What the exercise asks:
Take every line from the listing below that includes "back" and copy it.

═════ Provided material

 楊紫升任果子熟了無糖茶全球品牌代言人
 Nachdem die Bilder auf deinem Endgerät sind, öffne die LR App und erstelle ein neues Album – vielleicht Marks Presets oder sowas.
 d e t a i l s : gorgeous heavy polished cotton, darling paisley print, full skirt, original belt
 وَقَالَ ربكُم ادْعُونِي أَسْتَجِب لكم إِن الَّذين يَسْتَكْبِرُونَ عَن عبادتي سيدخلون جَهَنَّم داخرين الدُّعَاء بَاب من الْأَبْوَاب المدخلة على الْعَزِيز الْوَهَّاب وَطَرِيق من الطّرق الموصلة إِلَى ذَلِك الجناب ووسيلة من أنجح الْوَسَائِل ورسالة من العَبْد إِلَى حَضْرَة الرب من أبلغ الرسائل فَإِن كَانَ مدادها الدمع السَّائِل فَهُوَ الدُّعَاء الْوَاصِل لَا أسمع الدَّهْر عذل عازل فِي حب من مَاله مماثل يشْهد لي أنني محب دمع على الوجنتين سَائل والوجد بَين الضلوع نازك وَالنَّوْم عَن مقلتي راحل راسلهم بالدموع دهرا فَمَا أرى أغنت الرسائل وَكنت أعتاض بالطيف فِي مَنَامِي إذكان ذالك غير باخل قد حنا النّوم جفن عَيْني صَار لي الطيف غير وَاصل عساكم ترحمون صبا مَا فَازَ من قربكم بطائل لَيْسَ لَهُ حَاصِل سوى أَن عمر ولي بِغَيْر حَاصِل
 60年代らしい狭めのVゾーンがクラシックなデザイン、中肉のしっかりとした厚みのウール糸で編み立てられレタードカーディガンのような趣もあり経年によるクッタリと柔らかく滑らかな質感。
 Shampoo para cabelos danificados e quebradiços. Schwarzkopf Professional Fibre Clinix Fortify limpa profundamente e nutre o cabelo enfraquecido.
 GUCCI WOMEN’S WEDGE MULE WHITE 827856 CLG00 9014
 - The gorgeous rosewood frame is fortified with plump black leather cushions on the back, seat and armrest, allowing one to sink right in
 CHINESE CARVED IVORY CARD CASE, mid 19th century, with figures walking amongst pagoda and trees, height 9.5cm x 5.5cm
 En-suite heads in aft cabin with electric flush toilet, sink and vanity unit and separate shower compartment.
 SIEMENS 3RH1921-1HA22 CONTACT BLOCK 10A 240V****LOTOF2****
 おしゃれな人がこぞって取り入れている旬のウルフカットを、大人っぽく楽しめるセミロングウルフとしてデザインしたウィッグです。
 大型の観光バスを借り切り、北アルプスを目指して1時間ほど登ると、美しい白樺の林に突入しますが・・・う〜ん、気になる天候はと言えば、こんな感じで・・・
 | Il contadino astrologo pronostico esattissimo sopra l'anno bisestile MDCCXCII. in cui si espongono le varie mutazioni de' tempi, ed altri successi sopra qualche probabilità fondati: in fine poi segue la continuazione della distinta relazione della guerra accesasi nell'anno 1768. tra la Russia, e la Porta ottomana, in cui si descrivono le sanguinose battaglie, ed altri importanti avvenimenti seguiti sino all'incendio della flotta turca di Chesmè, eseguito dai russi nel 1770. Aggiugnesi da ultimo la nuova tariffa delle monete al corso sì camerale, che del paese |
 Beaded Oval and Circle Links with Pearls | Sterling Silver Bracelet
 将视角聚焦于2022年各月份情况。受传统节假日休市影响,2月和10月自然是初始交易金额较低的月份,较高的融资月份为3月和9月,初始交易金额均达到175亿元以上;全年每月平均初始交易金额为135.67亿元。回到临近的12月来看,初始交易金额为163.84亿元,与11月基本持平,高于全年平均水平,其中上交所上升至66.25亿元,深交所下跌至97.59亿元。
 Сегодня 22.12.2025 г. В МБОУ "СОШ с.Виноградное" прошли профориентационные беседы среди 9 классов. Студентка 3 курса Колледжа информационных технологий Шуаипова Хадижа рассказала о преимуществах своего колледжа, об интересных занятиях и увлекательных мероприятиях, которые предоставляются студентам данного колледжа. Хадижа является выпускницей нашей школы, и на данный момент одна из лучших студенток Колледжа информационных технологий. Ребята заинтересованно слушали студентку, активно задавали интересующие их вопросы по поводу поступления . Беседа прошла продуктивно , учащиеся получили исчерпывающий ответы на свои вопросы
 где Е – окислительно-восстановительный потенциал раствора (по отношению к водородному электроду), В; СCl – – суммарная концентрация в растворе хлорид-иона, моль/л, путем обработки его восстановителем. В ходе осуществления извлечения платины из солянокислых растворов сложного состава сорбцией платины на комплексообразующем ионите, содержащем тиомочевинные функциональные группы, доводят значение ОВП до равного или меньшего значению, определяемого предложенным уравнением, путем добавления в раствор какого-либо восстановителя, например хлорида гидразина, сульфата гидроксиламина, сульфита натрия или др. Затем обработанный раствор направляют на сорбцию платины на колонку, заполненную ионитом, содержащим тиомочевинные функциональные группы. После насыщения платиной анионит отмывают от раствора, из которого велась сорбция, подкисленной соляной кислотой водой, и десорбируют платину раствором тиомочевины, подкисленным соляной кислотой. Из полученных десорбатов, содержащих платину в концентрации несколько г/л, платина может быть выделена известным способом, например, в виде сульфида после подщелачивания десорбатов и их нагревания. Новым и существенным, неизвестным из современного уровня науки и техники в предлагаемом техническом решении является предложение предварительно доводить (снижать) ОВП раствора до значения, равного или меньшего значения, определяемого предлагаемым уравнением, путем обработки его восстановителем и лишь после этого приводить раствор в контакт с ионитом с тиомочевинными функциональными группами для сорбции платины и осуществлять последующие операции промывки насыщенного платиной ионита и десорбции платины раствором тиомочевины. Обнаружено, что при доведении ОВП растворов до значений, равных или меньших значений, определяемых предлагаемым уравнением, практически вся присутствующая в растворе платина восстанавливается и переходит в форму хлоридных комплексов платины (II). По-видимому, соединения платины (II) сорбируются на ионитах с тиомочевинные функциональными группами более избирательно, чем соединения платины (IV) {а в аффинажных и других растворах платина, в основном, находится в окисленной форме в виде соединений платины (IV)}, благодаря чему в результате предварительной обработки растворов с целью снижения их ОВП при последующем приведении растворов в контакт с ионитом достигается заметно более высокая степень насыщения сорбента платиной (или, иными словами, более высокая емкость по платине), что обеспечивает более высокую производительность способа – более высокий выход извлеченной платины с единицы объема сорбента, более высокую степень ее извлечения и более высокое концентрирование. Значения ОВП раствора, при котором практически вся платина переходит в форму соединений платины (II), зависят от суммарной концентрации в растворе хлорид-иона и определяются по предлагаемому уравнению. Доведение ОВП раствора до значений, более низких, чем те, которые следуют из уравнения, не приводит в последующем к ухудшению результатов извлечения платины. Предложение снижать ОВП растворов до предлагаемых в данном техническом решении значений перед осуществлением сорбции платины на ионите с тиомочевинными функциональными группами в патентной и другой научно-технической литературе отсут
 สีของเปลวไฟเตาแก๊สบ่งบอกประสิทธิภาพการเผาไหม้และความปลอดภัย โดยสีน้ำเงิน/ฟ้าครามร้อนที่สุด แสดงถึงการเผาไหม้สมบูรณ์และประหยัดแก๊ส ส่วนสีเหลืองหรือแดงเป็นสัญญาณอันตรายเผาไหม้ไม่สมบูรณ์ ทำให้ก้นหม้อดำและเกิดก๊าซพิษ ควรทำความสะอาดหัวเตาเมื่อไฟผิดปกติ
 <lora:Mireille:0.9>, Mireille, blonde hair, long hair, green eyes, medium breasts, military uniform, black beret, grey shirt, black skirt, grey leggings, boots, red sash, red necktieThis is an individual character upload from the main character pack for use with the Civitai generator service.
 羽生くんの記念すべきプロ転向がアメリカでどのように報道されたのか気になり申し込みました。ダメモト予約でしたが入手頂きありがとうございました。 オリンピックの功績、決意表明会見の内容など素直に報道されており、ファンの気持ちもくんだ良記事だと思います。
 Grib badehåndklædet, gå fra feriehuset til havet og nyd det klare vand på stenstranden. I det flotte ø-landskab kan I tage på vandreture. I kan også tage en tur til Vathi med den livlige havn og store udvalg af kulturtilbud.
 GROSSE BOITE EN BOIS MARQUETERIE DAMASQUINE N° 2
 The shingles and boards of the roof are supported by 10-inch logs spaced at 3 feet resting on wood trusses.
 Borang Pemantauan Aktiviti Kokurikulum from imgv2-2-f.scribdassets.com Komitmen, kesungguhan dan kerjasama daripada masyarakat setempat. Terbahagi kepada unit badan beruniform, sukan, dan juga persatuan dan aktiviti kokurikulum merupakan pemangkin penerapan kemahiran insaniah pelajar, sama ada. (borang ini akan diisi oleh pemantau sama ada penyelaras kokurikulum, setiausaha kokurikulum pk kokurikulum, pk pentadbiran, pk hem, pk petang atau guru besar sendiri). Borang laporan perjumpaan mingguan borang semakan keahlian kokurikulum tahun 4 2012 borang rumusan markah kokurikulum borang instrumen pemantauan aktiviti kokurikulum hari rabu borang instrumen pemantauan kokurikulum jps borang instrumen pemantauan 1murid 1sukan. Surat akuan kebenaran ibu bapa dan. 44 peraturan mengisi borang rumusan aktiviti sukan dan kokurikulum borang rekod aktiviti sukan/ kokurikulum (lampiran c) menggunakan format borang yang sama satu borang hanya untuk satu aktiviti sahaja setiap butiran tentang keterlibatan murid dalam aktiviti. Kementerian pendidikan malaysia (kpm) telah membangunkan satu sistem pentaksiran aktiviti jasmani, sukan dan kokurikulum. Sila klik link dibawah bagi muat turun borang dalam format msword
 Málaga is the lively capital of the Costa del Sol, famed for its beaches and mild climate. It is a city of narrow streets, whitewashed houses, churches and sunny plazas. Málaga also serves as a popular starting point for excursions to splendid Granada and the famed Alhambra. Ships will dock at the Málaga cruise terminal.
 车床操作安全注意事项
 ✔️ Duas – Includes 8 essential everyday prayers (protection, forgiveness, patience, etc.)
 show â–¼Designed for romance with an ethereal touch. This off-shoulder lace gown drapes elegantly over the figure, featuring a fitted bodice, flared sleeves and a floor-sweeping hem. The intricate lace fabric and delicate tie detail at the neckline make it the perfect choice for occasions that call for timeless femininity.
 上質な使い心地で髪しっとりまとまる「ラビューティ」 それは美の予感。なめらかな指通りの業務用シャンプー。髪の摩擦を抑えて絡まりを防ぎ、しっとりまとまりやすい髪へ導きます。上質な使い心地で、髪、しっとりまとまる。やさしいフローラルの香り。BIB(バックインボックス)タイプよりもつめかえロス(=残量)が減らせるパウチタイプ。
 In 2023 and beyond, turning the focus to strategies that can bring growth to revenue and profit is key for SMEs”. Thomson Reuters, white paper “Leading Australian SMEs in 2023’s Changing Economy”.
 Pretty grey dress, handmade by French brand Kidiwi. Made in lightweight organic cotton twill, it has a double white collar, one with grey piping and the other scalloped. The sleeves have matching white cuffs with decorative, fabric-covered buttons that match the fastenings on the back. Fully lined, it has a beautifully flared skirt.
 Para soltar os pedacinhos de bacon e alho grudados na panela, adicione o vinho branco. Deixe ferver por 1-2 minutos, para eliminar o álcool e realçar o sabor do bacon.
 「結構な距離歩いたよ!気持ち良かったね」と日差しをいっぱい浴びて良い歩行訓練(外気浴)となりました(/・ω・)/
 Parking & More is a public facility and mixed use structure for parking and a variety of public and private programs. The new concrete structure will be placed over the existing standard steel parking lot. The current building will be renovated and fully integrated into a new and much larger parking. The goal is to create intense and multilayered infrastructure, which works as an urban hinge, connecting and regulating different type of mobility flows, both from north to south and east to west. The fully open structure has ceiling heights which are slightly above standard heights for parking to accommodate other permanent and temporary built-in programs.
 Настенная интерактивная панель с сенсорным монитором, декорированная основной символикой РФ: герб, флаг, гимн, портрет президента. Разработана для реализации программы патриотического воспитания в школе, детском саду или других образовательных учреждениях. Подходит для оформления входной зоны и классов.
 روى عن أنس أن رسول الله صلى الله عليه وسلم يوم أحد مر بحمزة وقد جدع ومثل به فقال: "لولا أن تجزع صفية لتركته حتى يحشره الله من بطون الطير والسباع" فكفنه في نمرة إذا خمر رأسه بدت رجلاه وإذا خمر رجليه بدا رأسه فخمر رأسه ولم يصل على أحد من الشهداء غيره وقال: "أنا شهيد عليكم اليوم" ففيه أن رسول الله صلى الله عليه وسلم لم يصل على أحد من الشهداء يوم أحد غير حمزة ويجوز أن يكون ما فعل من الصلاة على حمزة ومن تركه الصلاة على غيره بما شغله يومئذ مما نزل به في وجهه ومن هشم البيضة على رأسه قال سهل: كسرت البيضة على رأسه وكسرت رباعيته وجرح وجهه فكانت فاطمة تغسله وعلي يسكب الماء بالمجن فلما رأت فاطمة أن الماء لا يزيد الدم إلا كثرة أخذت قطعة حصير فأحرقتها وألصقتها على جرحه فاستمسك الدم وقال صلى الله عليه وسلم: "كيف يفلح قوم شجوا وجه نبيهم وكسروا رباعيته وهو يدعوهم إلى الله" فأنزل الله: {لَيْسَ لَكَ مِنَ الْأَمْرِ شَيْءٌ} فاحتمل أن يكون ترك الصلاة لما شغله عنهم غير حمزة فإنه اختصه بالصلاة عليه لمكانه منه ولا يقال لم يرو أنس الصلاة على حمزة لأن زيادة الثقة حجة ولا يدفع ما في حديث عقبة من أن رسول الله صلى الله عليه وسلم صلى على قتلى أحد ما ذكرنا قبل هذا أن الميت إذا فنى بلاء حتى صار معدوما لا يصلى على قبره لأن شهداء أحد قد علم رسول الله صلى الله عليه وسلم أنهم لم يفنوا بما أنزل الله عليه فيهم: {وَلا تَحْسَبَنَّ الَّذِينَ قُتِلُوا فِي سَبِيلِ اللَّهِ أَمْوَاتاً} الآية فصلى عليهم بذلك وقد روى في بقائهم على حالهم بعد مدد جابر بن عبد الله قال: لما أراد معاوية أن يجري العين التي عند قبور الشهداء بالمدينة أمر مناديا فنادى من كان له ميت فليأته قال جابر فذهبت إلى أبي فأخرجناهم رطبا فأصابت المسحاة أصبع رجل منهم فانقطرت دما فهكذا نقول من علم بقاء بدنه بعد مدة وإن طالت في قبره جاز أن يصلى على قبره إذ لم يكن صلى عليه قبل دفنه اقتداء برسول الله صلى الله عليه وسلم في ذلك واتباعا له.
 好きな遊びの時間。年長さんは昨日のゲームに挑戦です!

══════════

Written solution:
 - The gorgeous rosewood frame is fortified with plump black leather cushions on the back, seat and armrest, allowing one to sink right in
 Pretty grey dress, handmade by French brand Kidiwi. Made in lightweight organic cotton twill, it has a double white collar, one with grey piping and the other scalloped. The sleeves have matching white cuffs with decorative, fabric-covered buttons that match the fastenings on the back. Fully lined, it has a beautifully flared skirt.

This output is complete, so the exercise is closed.